**Available data**

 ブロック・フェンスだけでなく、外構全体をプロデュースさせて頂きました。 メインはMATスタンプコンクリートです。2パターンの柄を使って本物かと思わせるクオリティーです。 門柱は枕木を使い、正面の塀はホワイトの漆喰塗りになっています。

--

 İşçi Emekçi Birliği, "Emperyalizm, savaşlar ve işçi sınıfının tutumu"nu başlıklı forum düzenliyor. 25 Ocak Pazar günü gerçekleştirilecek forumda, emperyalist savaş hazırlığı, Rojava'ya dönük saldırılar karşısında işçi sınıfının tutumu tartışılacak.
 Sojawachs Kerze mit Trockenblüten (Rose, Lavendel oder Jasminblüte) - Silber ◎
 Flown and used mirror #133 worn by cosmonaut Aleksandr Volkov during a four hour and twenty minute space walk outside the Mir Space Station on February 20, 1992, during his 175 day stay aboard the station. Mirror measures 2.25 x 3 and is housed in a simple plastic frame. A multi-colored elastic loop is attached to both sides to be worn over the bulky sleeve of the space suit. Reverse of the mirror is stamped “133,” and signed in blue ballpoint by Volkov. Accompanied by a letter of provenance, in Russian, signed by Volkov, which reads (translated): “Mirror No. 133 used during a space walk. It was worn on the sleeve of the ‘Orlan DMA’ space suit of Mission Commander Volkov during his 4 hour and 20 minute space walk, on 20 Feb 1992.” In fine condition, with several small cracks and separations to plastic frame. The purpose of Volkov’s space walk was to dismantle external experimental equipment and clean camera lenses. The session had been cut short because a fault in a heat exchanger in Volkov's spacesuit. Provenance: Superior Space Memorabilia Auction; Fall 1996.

---

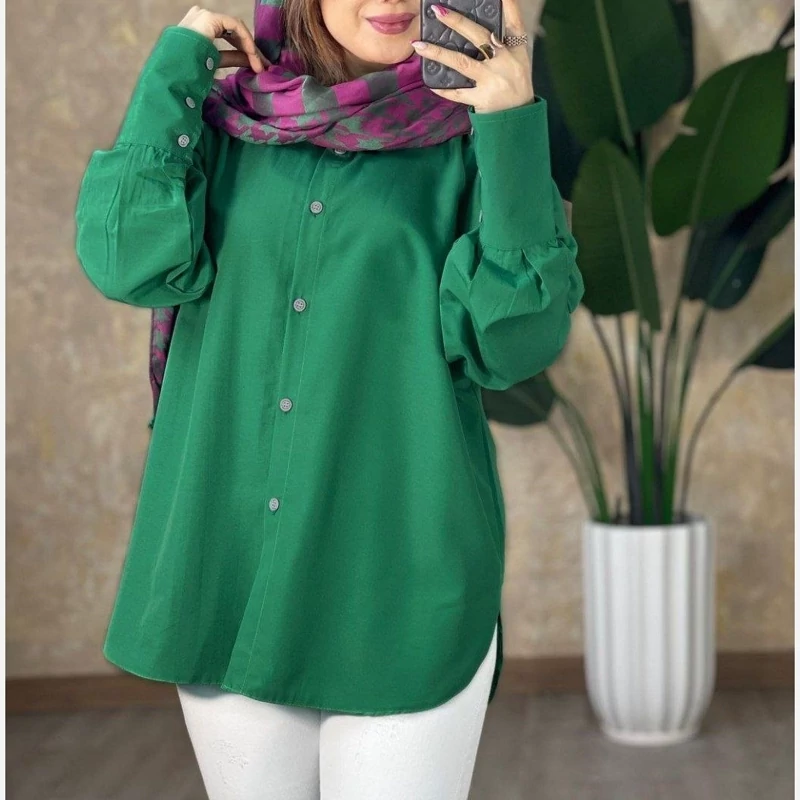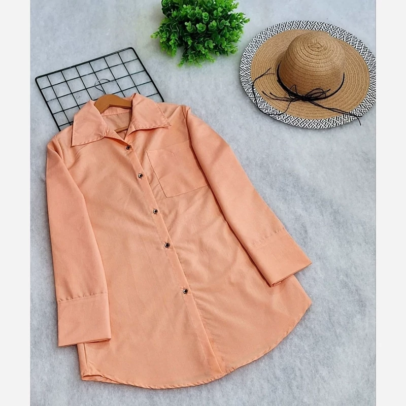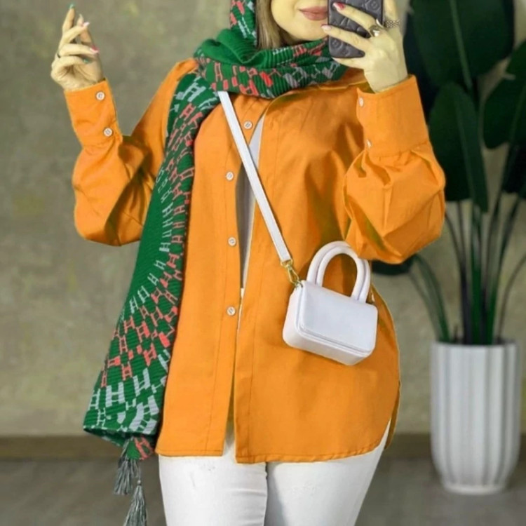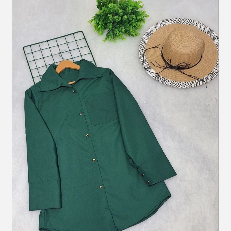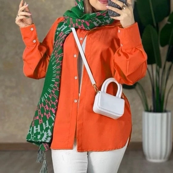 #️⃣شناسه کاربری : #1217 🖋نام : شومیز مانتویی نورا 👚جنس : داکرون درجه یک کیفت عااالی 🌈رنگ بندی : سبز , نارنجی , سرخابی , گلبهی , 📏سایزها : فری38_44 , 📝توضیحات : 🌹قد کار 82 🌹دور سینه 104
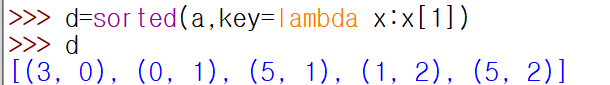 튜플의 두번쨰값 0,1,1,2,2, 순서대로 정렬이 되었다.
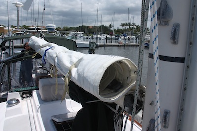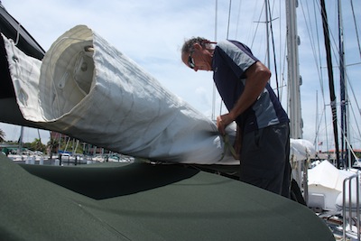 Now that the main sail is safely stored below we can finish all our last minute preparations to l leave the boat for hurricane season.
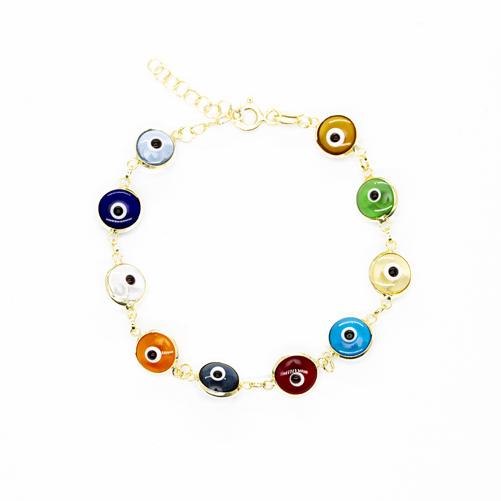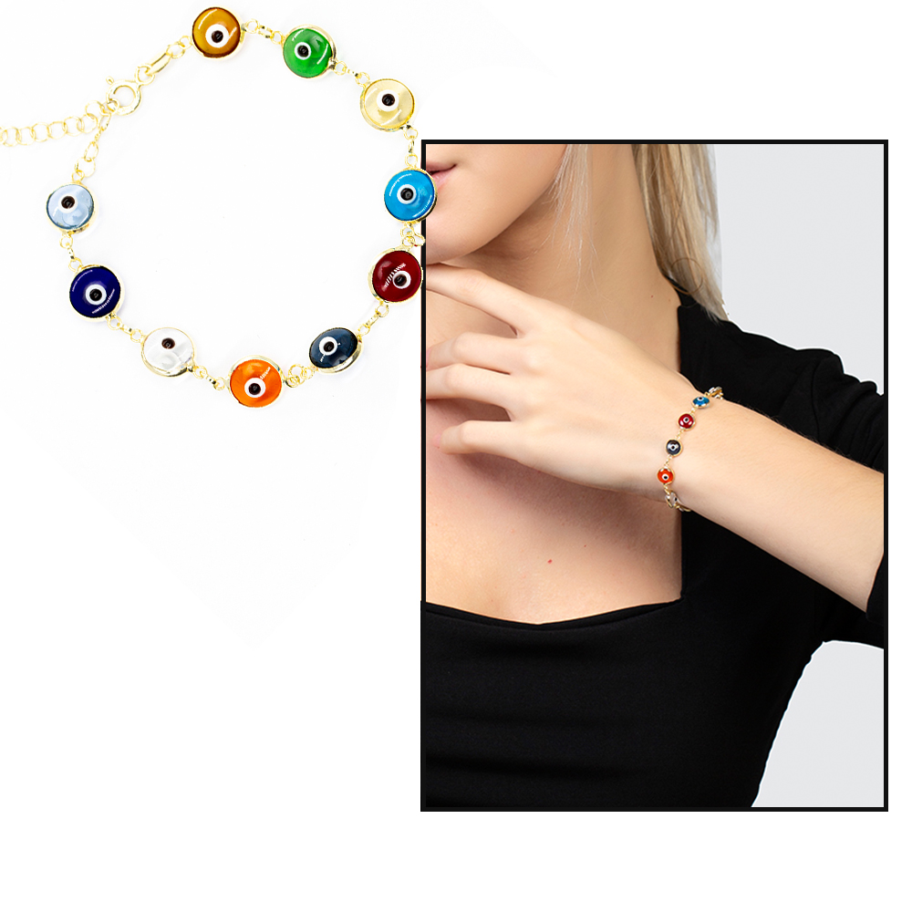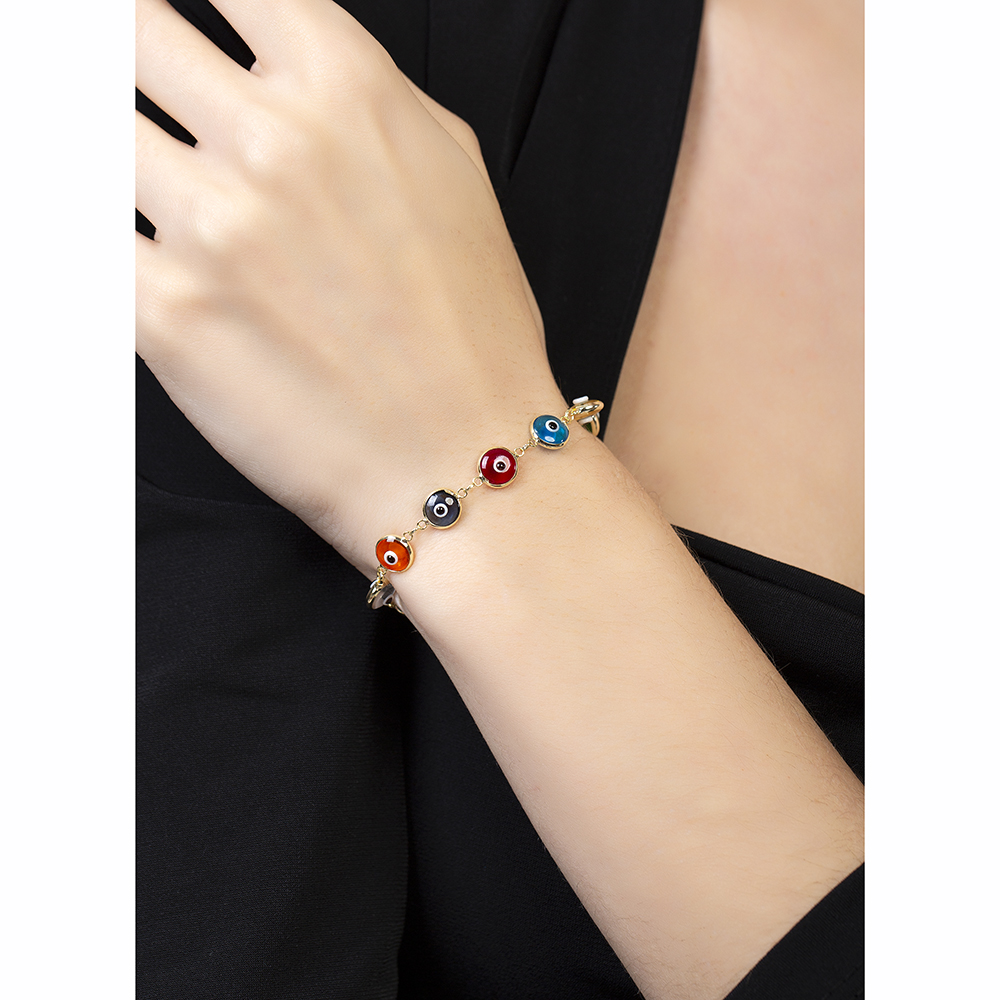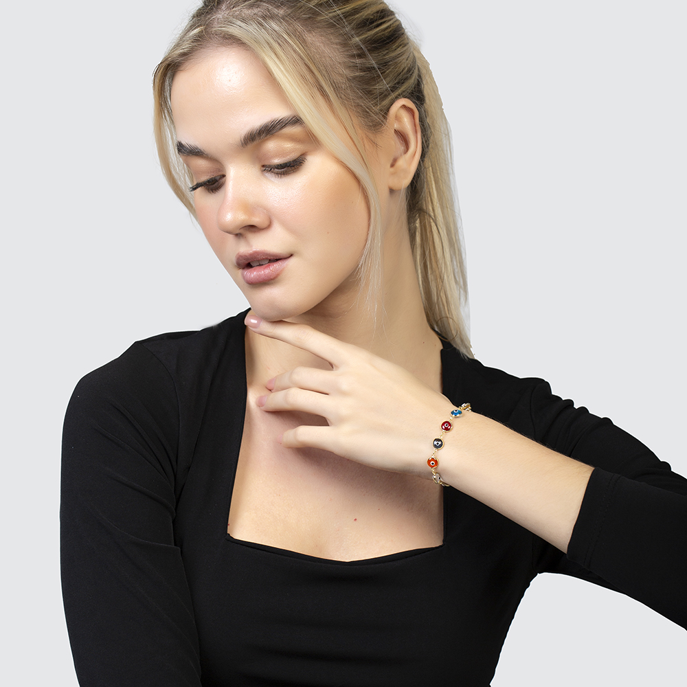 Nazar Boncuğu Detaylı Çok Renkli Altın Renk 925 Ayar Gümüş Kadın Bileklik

**Description of the task**
Lines wanted from the listing above: the line with "sınıfının tutumu tartışılacak." up to and including the line with "Flown and used". Please write them out exactly, adding nothing else.

**Solution to this problem**
 İşçi Emekçi Birliği, "Emperyalizm, savaşlar ve işçi sınıfının tutumu"nu başlıklı forum düzenliyor. 25 Ocak Pazar günü gerçekleştirilecek forumda, emperyalist savaş hazırlığı, Rojava'ya dönük saldırılar karşısında işçi sınıfının tutumu tartışılacak.
 Sojawachs Kerze mit Trockenblüten (Rose, Lavendel oder Jasminblüte) - Silber ◎
 Flown and used mirror #133 worn by cosmonaut Aleksandr Volkov during a four hour and twenty minute space walk outside the Mir Space Station on February 20, 1992, during his 175 day stay aboard the station. Mirror measures 2.25 x 3 and is housed in a simple plastic frame. A multi-colored elastic loop is attached to both sides to be worn over the bulky sleeve of the space suit. Reverse of the mirror is stamped “133,” and signed in blue ballpoint by Volkov. Accompanied by a letter of provenance, in Russian, signed by Volkov, which reads (translated): “Mirror No. 133 used during a space walk. It was worn on the sleeve of the ‘Orlan DMA’ space suit of Mission Commander Volkov during his 4 hour and 20 minute space walk, on 20 Feb 1992.” In fine condition, with several small cracks and separations to plastic frame. The purpose of Volkov’s space walk was to dismantle external experimental equipment and clean camera lenses. The session had been cut short because a fault in a heat exchanger in Volkov's spacesuit. Provenance: Superior Space Memorabilia Auction; Fall 1996.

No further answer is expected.